If it is possible to raise the IQ of a single community on St. Lucia, it could have dramatic consequences for the rest of the country, not to mention the rest of the developing world.
Imagine the impact on a poor country whose children’s’ potential becomes – limitless.
Imagine if the effort was verifiable and empirical.
Imagine if it proved affordable and scalable.
The St. Lucia Project is just such an effort. It envisions taking imagination to reality by working through an organization with the skills and appropriate experience working in developing countries to specifically improve the lives of at-risk children.
Global Volunteers is an international non-profit organization with 30 years of experience helping at-risk children on six continents. Its goal: To help nurture and sustain the well-being of the world’s children that they might realize the full promise of their human potential.
USA Today has called Global Volunteers “The granddaddy of the volunteer vacation movement”; indeed, short-term volunteers are at the heart of the services they provide.

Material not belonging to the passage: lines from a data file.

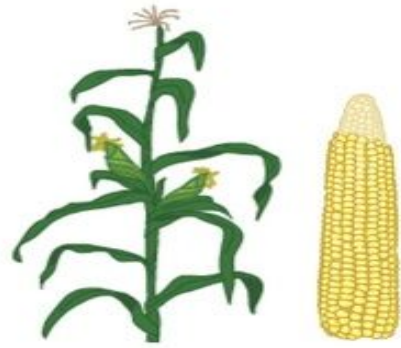
Maize (Modern Corn)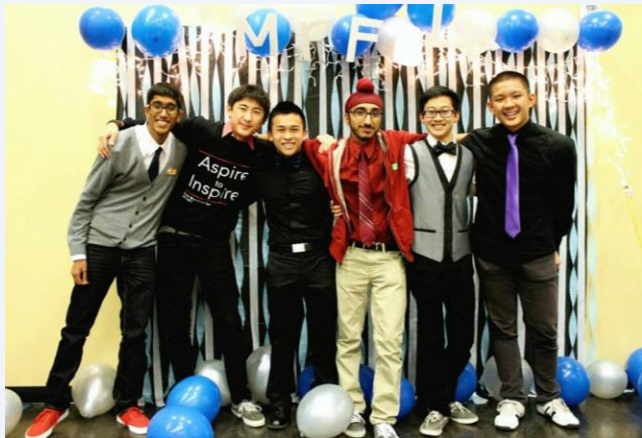
Dublin FBLA Social: Mr. FBLA Pageant Show

There will always be chapters in need of some assistance - even taking a simple action, such as notifying new chapters about grant applications or upcoming conferences - goes a long way in establishing positive connections within your area!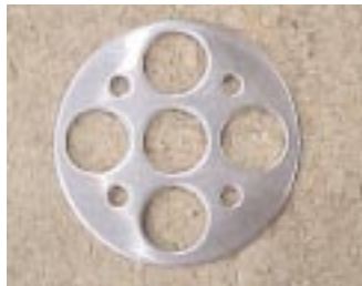
1410 Lightweight stainless steel scuff plate for 3/8" hood pin.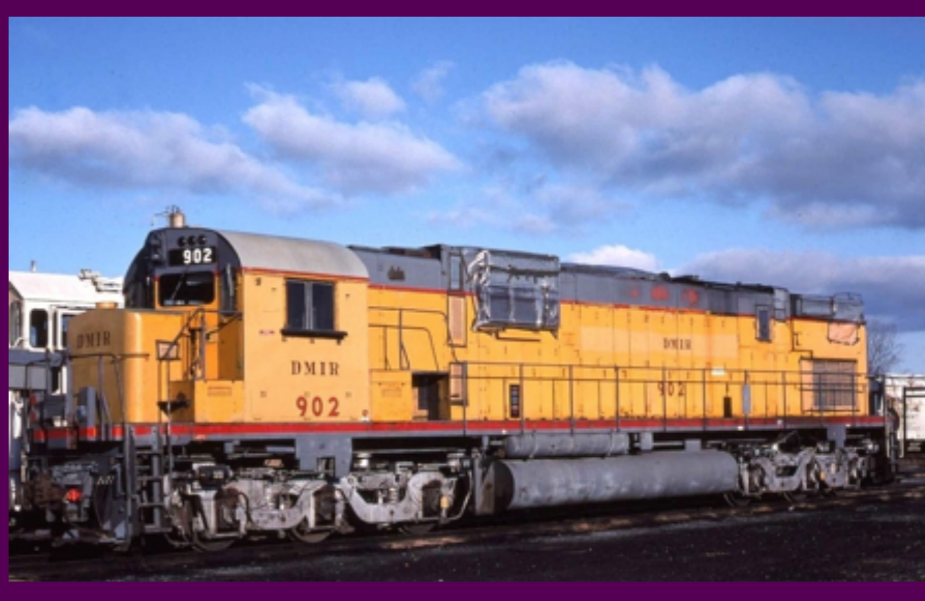
Duluth Missabe & Iron Range #902 (ex-UP 902) at Fond du Lac, Wisconsin on 9 April 1976.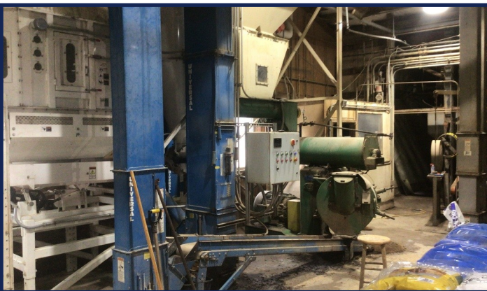
Pellet Machine Leg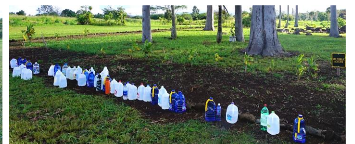
Mālama Kūkaniloko included the task of root-watering the newly planted trees marked by bright orange flags. The 80 plus gallons of water were hand carried in by the Kamalani Academy haumāna...EŌ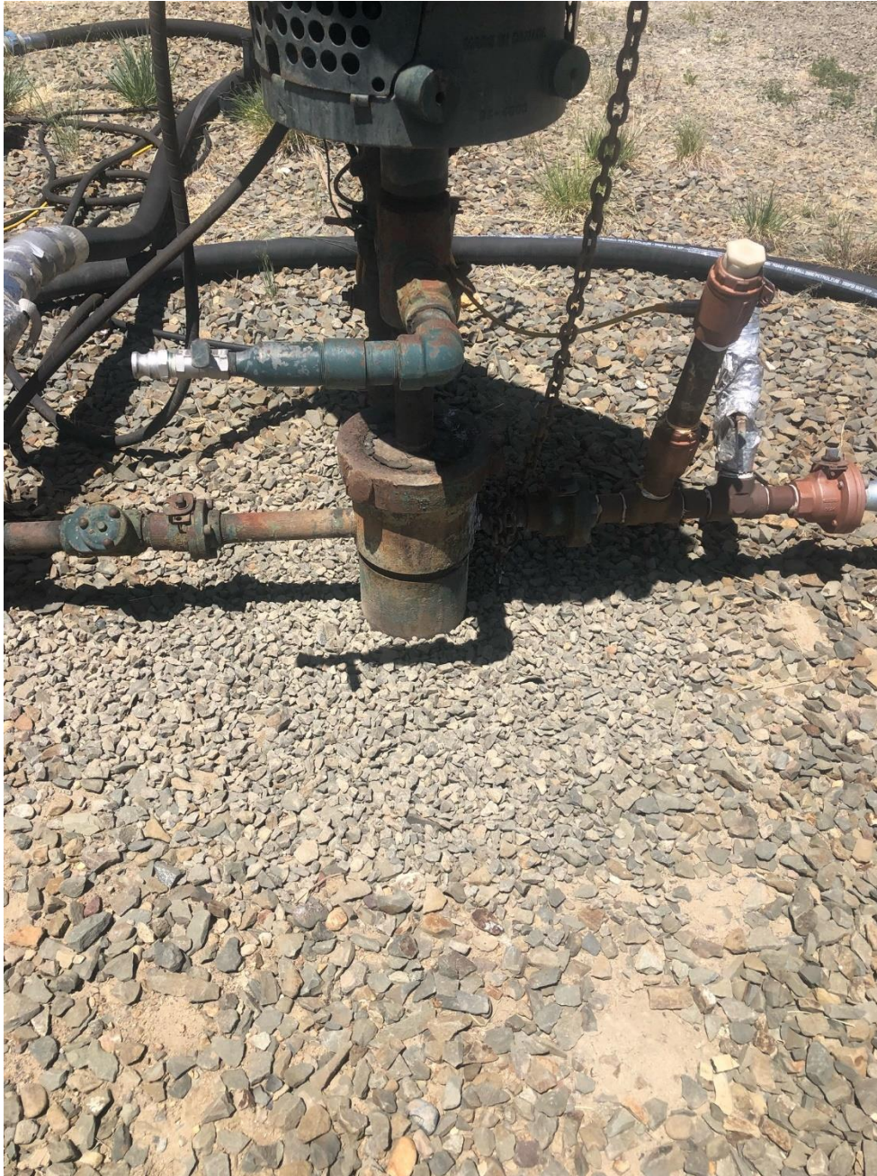
Installed appropriate fittings to allow bradenhead visual inspection as per Rule 419.a.(1), (2).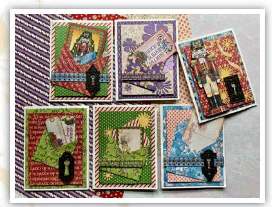
Nutcracker Sweet Card Set —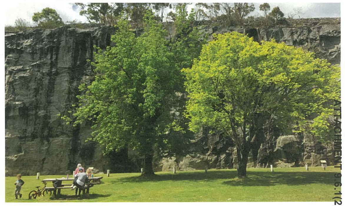
Top left: Baudin's cockatoo. Top right: The Kiosk at the dam, Above: The Quarry, Photos – DBCA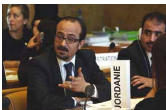
Discussion session at the short course in Geneva on “Energy in the twenty-first century: the emerging biofuels market and its development implications”, September 2009.

“The intensive courses enhanced my understanding on international trade issues; they have been very useful since I come from the Ministry of Planning and I had to ‘jump on the train’ with regard to WTO matters.”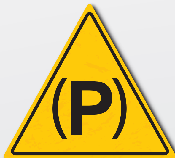
When parking respect safety rules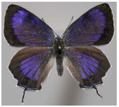
Colorado Hairstreak (Hypaurotis crysalus citima) Male pictured. Flies in close proximity to its larval host plants scrub oak (Quercus gambellii)

Another butterfly that can be extremely common towards the latter end of August through September and into October is the woodland skipper ( Ochlodes sylvanoides napa .) This skipper may visit some blooming flowers at the Wasatch Canyons during this timeframe.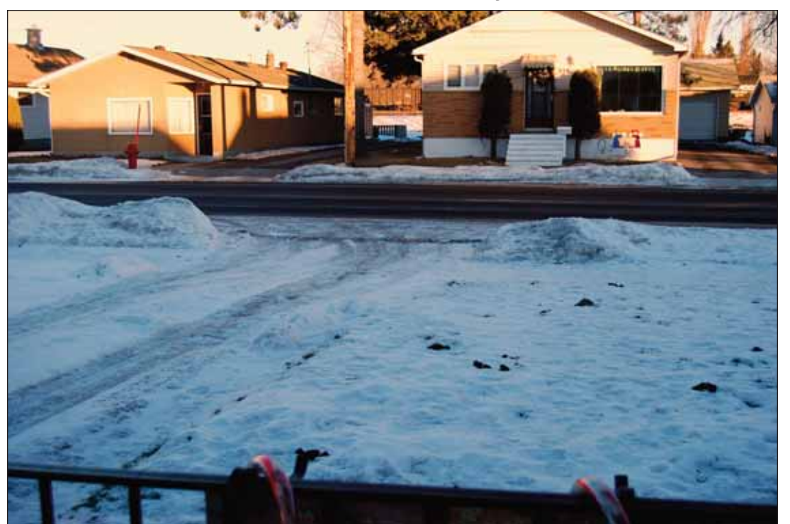
This photo is taken from my front door this past week. Not much work to do here!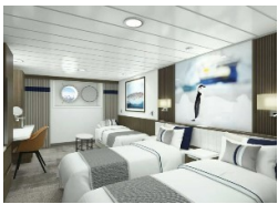
Aurora Stateroom Twin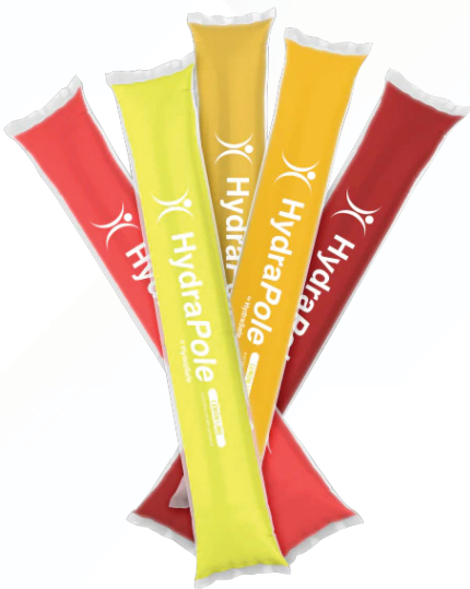
Our Ice Poles are an Australian made, 100% all-natural electrolyte replacement powdered Ice Pole.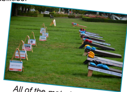
All of the materials needed for the tournament are either made by volunteers or on loan from players and sponsors.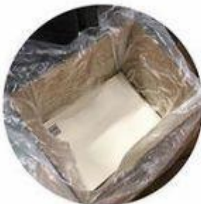
Water Proof Bag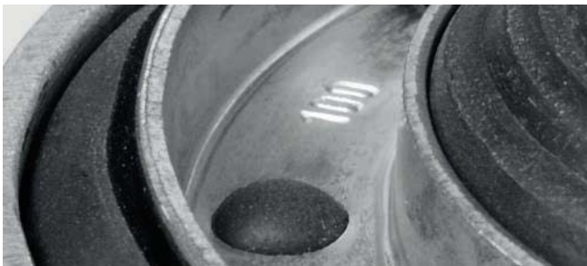
visual and tangible installation reliability due to built-in inspection opening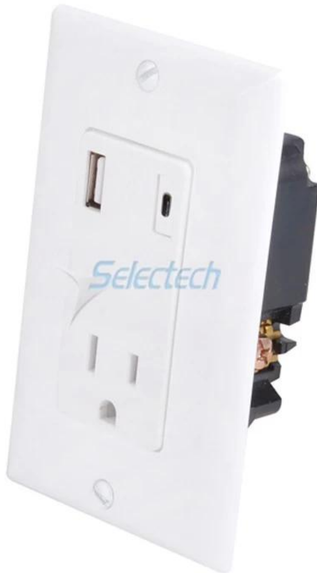
USB wall socket charger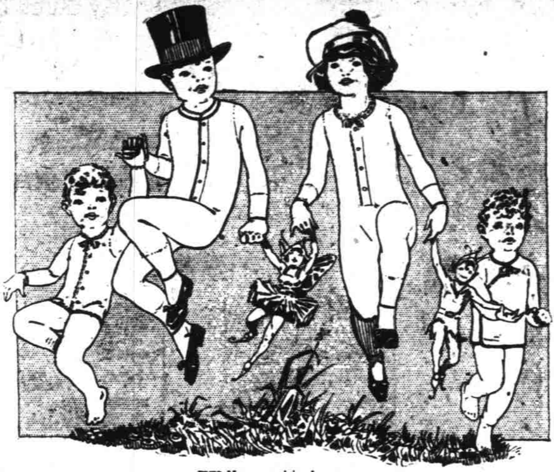
FITS-U came to join the game, LOTTA COMFORT too was there—Freedom is the middle name of Lackawanna Underwear.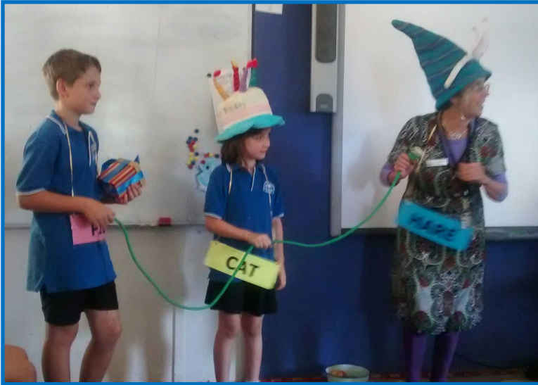
Learning how much fun books can be.....

- a proud member of the Cessnock Community of Great Public Schools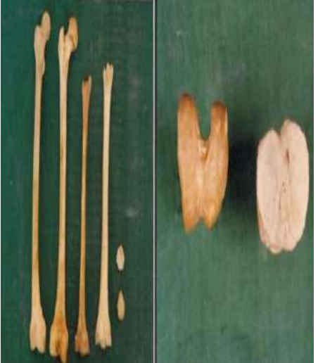
Fig. 1A &1B: Bony characteristics photography showing distal end of femur, upper end of tibia, upper end of fibula of frog and man

Patella: Osseous patella is absent in frog. A large thick and well developed patella is observed in human being [4, 6].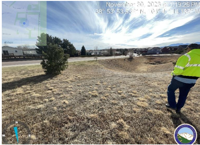
Photo 3: Drainage swale into existing detention is not installed to meet the top of slope of the detention pond.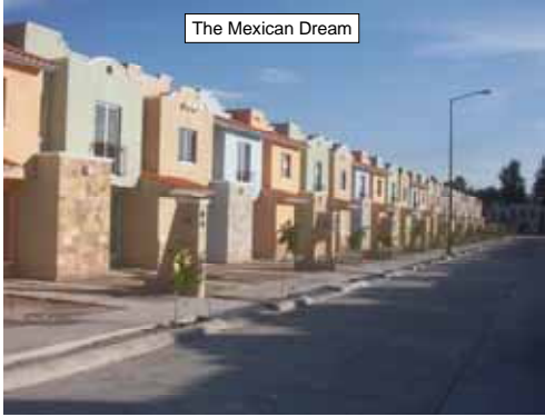
The Mexican Dream

the ring road. The houses sell for under $40,000 and are small by high-income standards. They are approximately 650 square feet, or one-third the present average for new houses in the United States. But they are very nicely done and would be attractive places to live, though the high-wall enclosed backyard, hardly larger than a small bedroom, would be somewhat confining.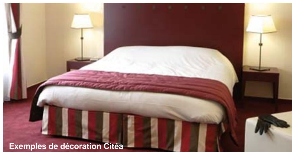
Exemples de décoration Citéa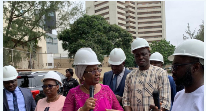
Inspection visit to the LASU Business School, Lagos Island, under construction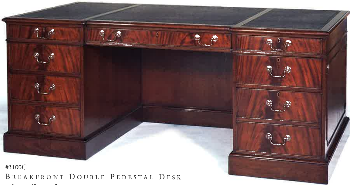
#3100C BREAKFRONT DOUBLE PEDESTAL DESK 72"W x 36"D x 30"H Illustrated in mahogany with crotch mahogany drawer fronts, three panel leather top and applied Chippendale mouldings all around.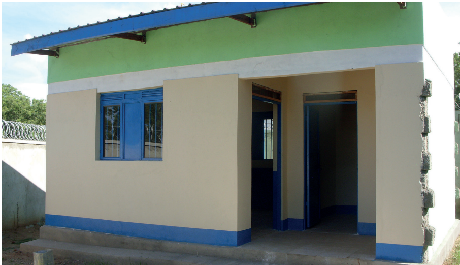
The almost completed Health Clinic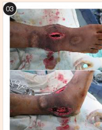
Figure 3: Anterior and lateral approach of the ankle.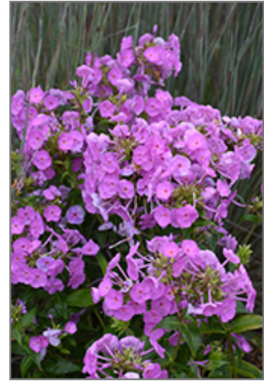
Fashionably Early Flamingo Garden Phlox flowers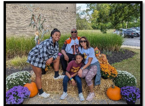
Beautiful families were spotted everywhere!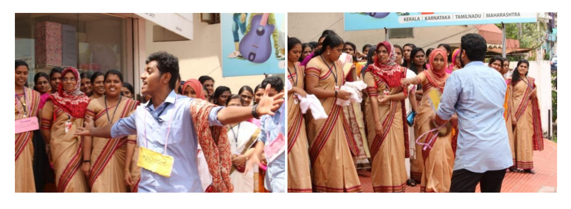
Street play conducted by 2^{nd} year B.Ed. students.

Volunteers help local communities provide 12 Essential Services prescribed by the United Nations for at-risk children. These services are in the areas of Hunger, Health & IQ and range from building school and household gardens, providing micronutrient supplementation, deworming and hygiene education to teaching math and science and computer literacy.
Volunteers are on the ground, in-country, looking at problems eye-to-eye and helping communities achieve success where other programs that “throw money” at social problems fail.
The strategy is deceptively simple and effective.
Global Volunteers is invited by host communities to serve and work hand-in-hand with local people under the direction of community leaders. In effect, Global Volunteers guides and teaches local communities to help themselves.
Communities that ask Global Volunteers for assistance may select the Essential Services most needed; in the case of St. Lucia, one community has asked for all 12.
Anse La Raye is situated on the coast of the Caribbean Sea and is quite poor. Overall poverty is 45%, with the highest rate of indigence on the island. Over a quarter of all poor St. Lucien children live there.
Global Volunteers has been working full time in Anse La Raye since the beginning of 2013. All 12 Essential Services will be delivered to village children through schools and community organizations, with some services extending into their homes.
The effort to deliver the services and document any changes in IQ will take at least 5 years and require over 300 volunteers per year, with each team of volunteers serving for 2 weeks. Researchers will establish a baseline IQ for children 5-9 beginning in 2013, then a follow up study in 2018.
If the effort to raise IQ in Anse La Raye is successful, it will reverberate throughout the world. It should have a dramatic effect on UN policy because it will demonstrate that short-term volunteers have a measurable impact on social change in developing countries. In fact, it is estimated that if only 1-2% of the world’s population volunteered, within a generation the 12 Essential Services could be delivered to virtually every at-risk child on earth.